The Issues Most Relevant within Ten Years
Artificial Intelligence as a Selection Tool in Recruitment, Training, and Deployment
It will be possible to combine a variety of sources of information on an individual’s genetics, health and biological markers, psychometric profile, etc., as a summary of their current and potential future health mapped against a population sample. This could have very significant implications for HPE by selecting (in/out) individuals for HPE. Armed forces are custodians of individuals’ health records during military service. They also access these records prior to military service to detect any health conditions that might medically preclude such service. These records are transferred to other custodians after military service, e.g. veterans health services. Armed forces may have other personnel records and the combination might lead to a potential for misuse as the term ‘human or personnel capability’ is increasingly being used alongside military equipment to describe military power.
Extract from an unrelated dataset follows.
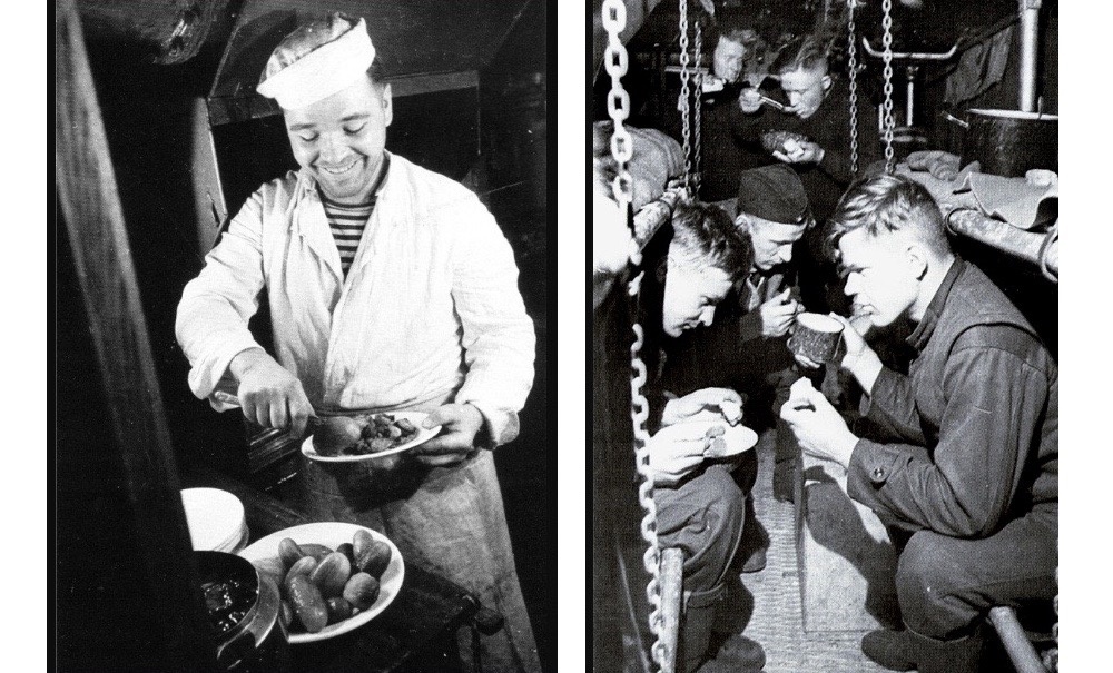 Во время войны СССР страдал от потери лучших сельхозугодий, поэтому запасы продовольствия доставались зачастую с трудом. Импортные мясные консервы и специализированные продукты обеспечивали подводников всем необходимым. В то время как большинство других родов войск имели скромные пайки, подводники находились в более выгодной ситуации благодаря нужным в условиях моря калорийным и питательным продуктам.

Additionally, the potential for AI to generate disparate impacts between groups based on how algorithms cluster variables (e.g., in the case of COMPAS and predicting recidivism) could impact how AI is used to recruit, train, and deploy (Chouldechova, 2017; Dressel & Farid, 2018).
Issues Surrounding Coercion and Consent
Soldiers—particularly those deployed to combat environments—accept a broad range of risks throughout the course of their work. Sometimes, whether a given soldier has a heightened risk is a product of whether their comrades are prepared to aid in their defense (e.g., by providing cover when the soldier is exposed). This issue was played out over vaccine mandates within armed forces, and between them internationally. As novel enhancement technologies become more widely available, we are likely to encounter a decision point wherein leaders will have to decide whether to make these enhancements mandatory, or whether they will remain optional. Much of the discussion surrounding informed consent seems to gravitate toward the former scenario of mandated enhancement and focus on its coercive dimension (Latheef & Henschke, 2020). However, influence may not rise to the level of coercion, and we ought also to pay close attention to cases where warfighters feel immense pressure to accept enhancements. Their unit mates may exert subtle (or not-so-subtle) forms of pressure; soldiers may feel they risk their career or promotion opportunities by declining; they may be viewed as disloyal or less prepared by declining; they may be turned down for desirable assignments if they decline; and so forth (e.g., sect. Phase Two: Scoring, Phase Three: Workshop Preparation, Deliberation, and Re-Scoring, 3.5, and Issues surrounding coercion and consent).
The Use of AI in War Gaming
War gaming has traditionally been an important strategic tool for thinking about how international crises could emerge or how they will unfold. Statistical machine learning has great promise in streamlining war gaming, potentially reducing the number of participants, length of time, and costs of such procedures. What are the advantages and disadvantages of using AI for war gaming? To the extent that statistical machine learning is essentially conservative, and to the extent that its models are based primarily on historical data and preferences, do we put ourselves at a disadvantage when we rely on AI-based war gaming (Paszkiel, 2022)?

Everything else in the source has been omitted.